Justiça reconhece posse e reintegra área urbana à comunidade indígena no Tarumã-Açu, em Manaus

Justiça reconhece posse e reintegra área urbana à comunidade indígena no Tarumã-Açu, em Manaus

Sentença da 1ª Vara Federal Cível da Seção Judiciária do Amazonas reconheceu a posse tradicional de família indígena da etnia Karapanã sobre área localizada na comunidade Yupirunga, no Balneário Prainha, às margens do rio Tarumã-Açu, em Manaus, e determinou a reintegração definitiva dessa porção territorial diante do esbulho praticado por particulares com apoio indevido de agentes públicos estaduais.

A sentença define pela configuração de posse indígena em contexto urbano, compatibilizando o regime constitucional de proteção aos povos originários com institutos civis como a usucapião extraordinária e as regras gerais de tutela possessória.

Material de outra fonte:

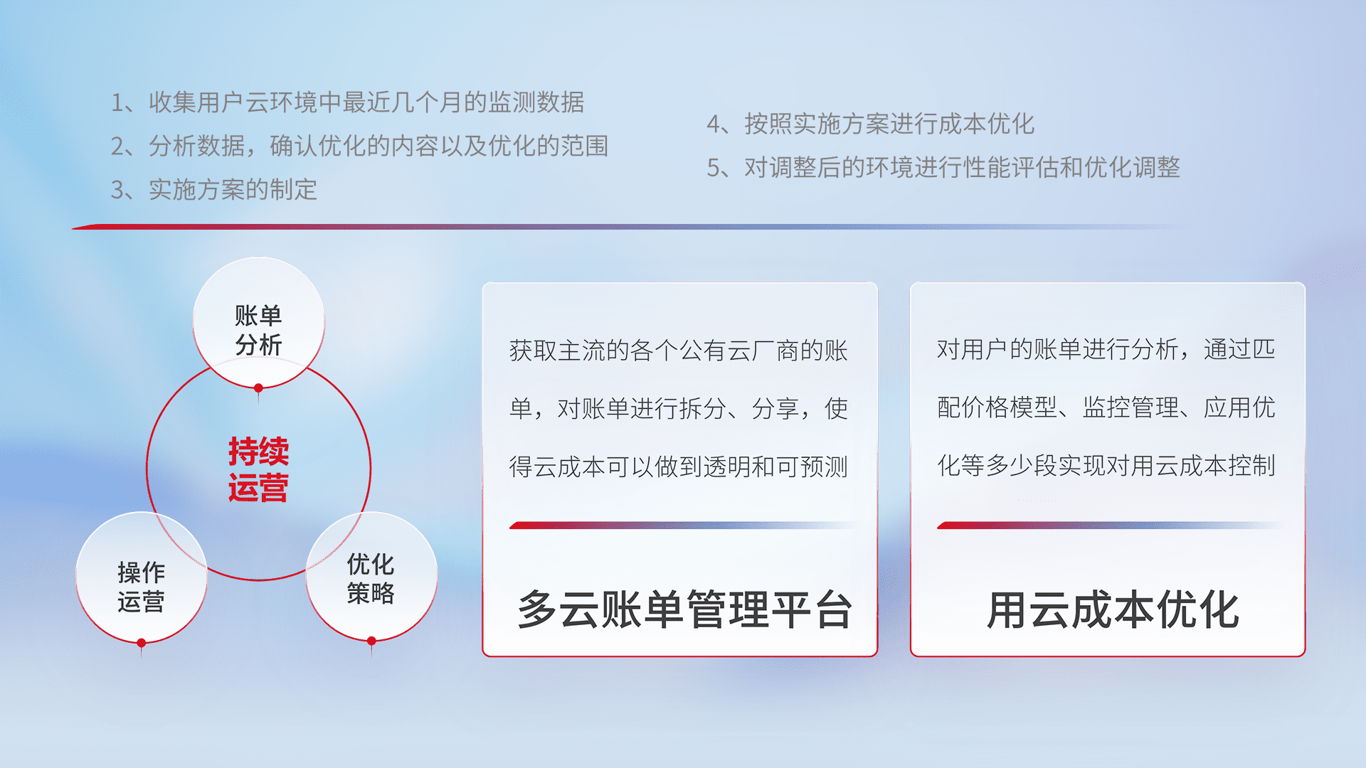 通过多云纳管,,以统一的资源数据模型把客户的云资源进行抽象和封装,,,进而实现对多云资源的统一操作,,保障云资源管理的可靠性、、、、稳定性与可用性。。。量身定制化运维内容,,配置、、、开发运维、、、、补丁管理、、、备份、、、监控、、认证和访问管理、、、审计和日常巡检等,,保障在用云过程中的可靠度,,,稳定度以及高可用率。。
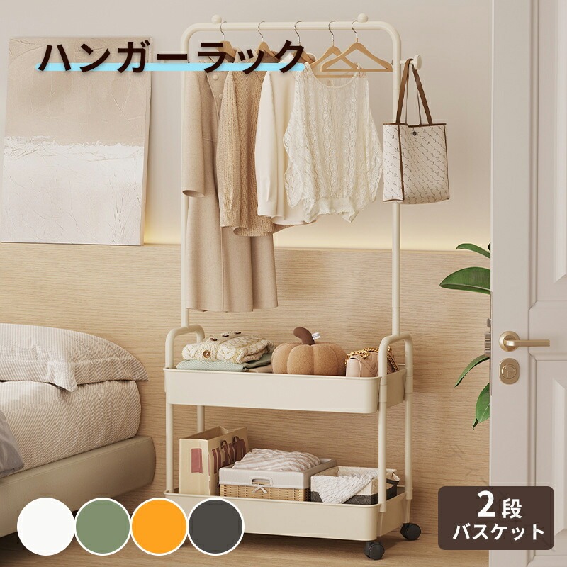 ハンガーラック パイプハンガーラック スリム 2段 バスケット キャスター付き 頑丈 おしゃれ 大容量 洋服ラック 洋服ハンガー コート掛け 物干しスタンド 省スペース 組立簡単 衣類収 メタルラック

Fenômeno jurídico central: posse tradicional indígena em área urbana

Embora a área não seja terra indígena demarcada, o juízo reconheceu que a família Karapanã exerce sobre o local posse tradicional contínua, pacífica e ininterrupta por cerca de duas décadas, usando-o para moradia, cultivo, pesca de subsistência e reprodução social.

Esse elemento foi decisivo para a magistrada, que destacou que a tutela constitucional indígena não se extingue pelo fato de a ocupação ocorrer em zona urbana: “O direito à posse das comunidades tradicionais deve ser compatibilizado com as regras de usucapião, haja vista se tratar de imóvel urbano, sem prejuízo da proteção reforçada decorrente da Convenção 169 da OIT e da Constituição Federal.”

Laudo Antropológico do MPF  juntado aos autos, demonstrou que o território cumpria papel essencial de acolhimento, subsistência e afirmação identitária, caracterizando dimensão cultural do território tradicional.

Esbulho comprovado e atuação indevida de agentes do Estado

A ação narrava — e a instrução confirmou — que os réus construíram um muro de mais de 1,5 metro, bloquearam o acesso ao igapó, derrubaram árvores frutíferas e plantas medicinais, e avançaram sobre a área apesar de advertências da comunidade e da FUNAI.

Além disso, policiais civis, em viatura oficial e armados, compareceram ao local para proteger a continuidade da obra, o que forçou os indígenas a se refugiarem em casa. A recusa de registro de ocorrência e a oferta indevida de serviços de advocacia por um servidor público foram consideradas indicadores de desvio de função e acobertamento estatal.

Para o juízo, esses elementos evidenciam conduta ilícita múltipla.“A invasão, a construção do muro e a presença ostensiva de policiais configuraram grave ato ilícito, gerador de abalo psicológico, violação ao direito de ir e vir e constrangimento ilegal.”

Reintegração parcial da área e delimitação proporcional

Embora o MPF defendesse a totalidade da área como de uso tradicional, a juíza definiu um critério de proporcionalidade baseado na natureza urbana do imóvel; capacidade econômica da família para manutenção da área, analogia extraída da usucapião extraordinária; preservação das zonas ambiental e culturalmente relevantes.

Assim, reconheceu a posse da família Karapanã sobre a moradia da matriarca indígena,  mais 30% do terreno, com delimitação a ser realizada em cumprimento de sentença, resguardando acesso ao rio Tarumã-Açu, frutíferas remanescentes e o igapó de subsistência.

Indenizações: danos morais, danos materiais e condenação do Estado

A sentença estabeleceu condenações expressivas:  Danos morais – R$ 30 mil (réus particulares) pelos constrangimentos, ameaças, presença de policiais armados e abalo psicológico.  Danos materiais – R$ 20 mil, pelo corte de 62 árvores frutíferas e plantas medicinais, destruição parcial do igapó e prejuízos ao modo de subsistência, danos morais coletivos – R$ 30 mil (Estado do Amazonas) pela atuação irregular de agentes públicos, reforçando o esbulho.

Os valores serão pagos em nome da matriarca indígena. A sentença determina proibição de novas intervenções e proteção continuada. Os réus foram proibidos de realizar novas obras; derrubada de árvores; obstrução do igapó; ou qualquer forma de constrangimento para aquisição da posse.